-- Opening Marker --
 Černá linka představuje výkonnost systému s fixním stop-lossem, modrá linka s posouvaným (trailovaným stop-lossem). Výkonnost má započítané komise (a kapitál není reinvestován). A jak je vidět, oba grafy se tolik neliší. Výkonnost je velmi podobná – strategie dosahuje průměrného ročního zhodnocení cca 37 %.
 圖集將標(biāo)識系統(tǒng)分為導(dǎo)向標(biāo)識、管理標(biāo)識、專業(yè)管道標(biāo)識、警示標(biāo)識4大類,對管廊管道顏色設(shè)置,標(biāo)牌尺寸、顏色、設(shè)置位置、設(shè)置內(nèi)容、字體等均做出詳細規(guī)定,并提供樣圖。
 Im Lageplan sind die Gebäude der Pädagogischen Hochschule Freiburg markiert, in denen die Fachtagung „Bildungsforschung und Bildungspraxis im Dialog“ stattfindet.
-- Closing Marker --
-- Opening Marker --
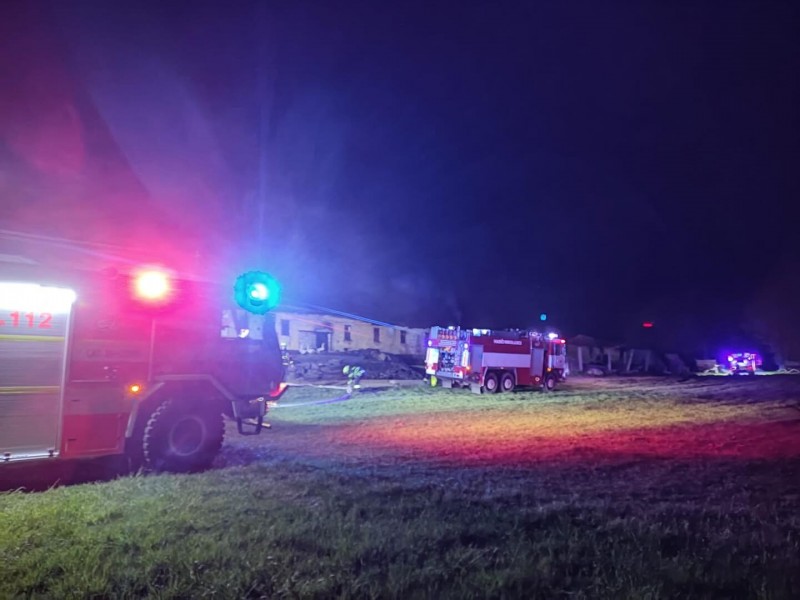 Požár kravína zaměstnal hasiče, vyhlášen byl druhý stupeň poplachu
-- Closing Marker --
What you should do:
Each line in the entries above, starting at the line with "Černá linka představuje" and ending at the line with "Im Lageplan sind", is to be printed exactly, and only those lines.

Expected output:
 Černá linka představuje výkonnost systému s fixním stop-lossem, modrá linka s posouvaným (trailovaným stop-lossem). Výkonnost má započítané komise (a kapitál není reinvestován). A jak je vidět, oba grafy se tolik neliší. Výkonnost je velmi podobná – strategie dosahuje průměrného ročního zhodnocení cca 37 %.
 圖集將標(biāo)識系統(tǒng)分為導(dǎo)向標(biāo)識、管理標(biāo)識、專業(yè)管道標(biāo)識、警示標(biāo)識4大類,對管廊管道顏色設(shè)置,標(biāo)牌尺寸、顏色、設(shè)置位置、設(shè)置內(nèi)容、字體等均做出詳細規(guī)定,并提供樣圖。
 Im Lageplan sind die Gebäude der Pädagogischen Hochschule Freiburg markiert, in denen die Fachtagung „Bildungsforschung und Bildungspraxis im Dialog“ stattfindet.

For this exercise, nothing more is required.